Gene-expression microarray (GEM) profiles have previously been used to compare the expression profile of ovarian cancer with that of the normal ovary (Ono et al, 2000; Welsh et al, 2001). We extended this approach by using a more extensive set of probes (Affymetrix U95Av2), and also characterised metastatic disease in a search for molecular markers of progression. We investigated the potential specificity of a number of putative biomarkers by examining their expression in a panel of other epithelial tissues and tumours.

Materials and methods

Ovarian tissue samples

Four snap-frozen normal ovarian samples, and six pairs of primary and omental serous adenocarcinoma (Stage IIIC) from the same individuals were collected at the time of surgery at the University College Hospitals NHS Trust.

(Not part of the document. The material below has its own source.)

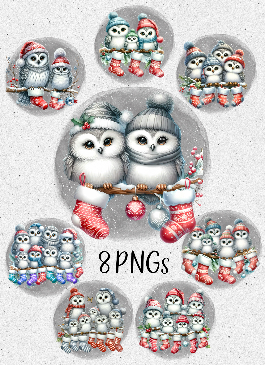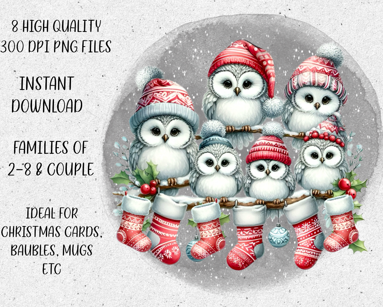 Cute Christmas owl family. 2-8 family members inc single parent plus couple. 8 complete designs on a round, grey watercolour background, PNGs. Sublimation, print, DTF etc. Please see pics for designs included.

The six paired samples of primary and secondary ovarian cancer were taken at the time of primary surgery prior to chemotherapeutic intervention. The normal ovarian samples were taken at the time of surgery for benign disease. H&E-stained sections were examined and verified histopathologically to be stage III serous adenocarcinomas. All samples comprised at least 70% tumour, except one omental sample which had 5% tumour content. The normal ovarian samples were verified to be free of any pathology, including benign cysts. Ovarian epithelium was macrodissected from the underlying stroma, and was used for subsequent analysis. For the real-time quantitative RT–PCR data, we used, in addition, three serous tumours of low malignant potential (LMP). All patients gave preoperative informed consent, and the study was approved by the ethics committee of the Royal Free and University College Medical School.

RNA sample preparation

Tissue specimens were homogenised in lysis buffer using a rotary homogeniser. Total RNA was extracted using the Qiagen RNeasy® kit (Qiagen, Valencia, CA, USA), according to the manufacturer's instructions. The integrity of the RNA was assessed by ethidium bromide staining after agarose gel electrophoresis. Total RNA (20 μg) was used to synthesise double-stranded cDNA using the Superscript® Choice System (Life Technologies), with the template being used for an in vitro transcription reaction to yield biotin-labelled antisense cRNA (BioArray™ High Yield RNA Transcript Labelling Kit, Enzo Diagnostics, Farmingdale, NY, USA). Fragmentation, hybridisation and scanning were performed according to the Affymetrix GeneChip® protocol, using the U95Av2 oligonucleotide microarrays containing 12 000 genes (Affymetrix, Santa Clara, CA, USA).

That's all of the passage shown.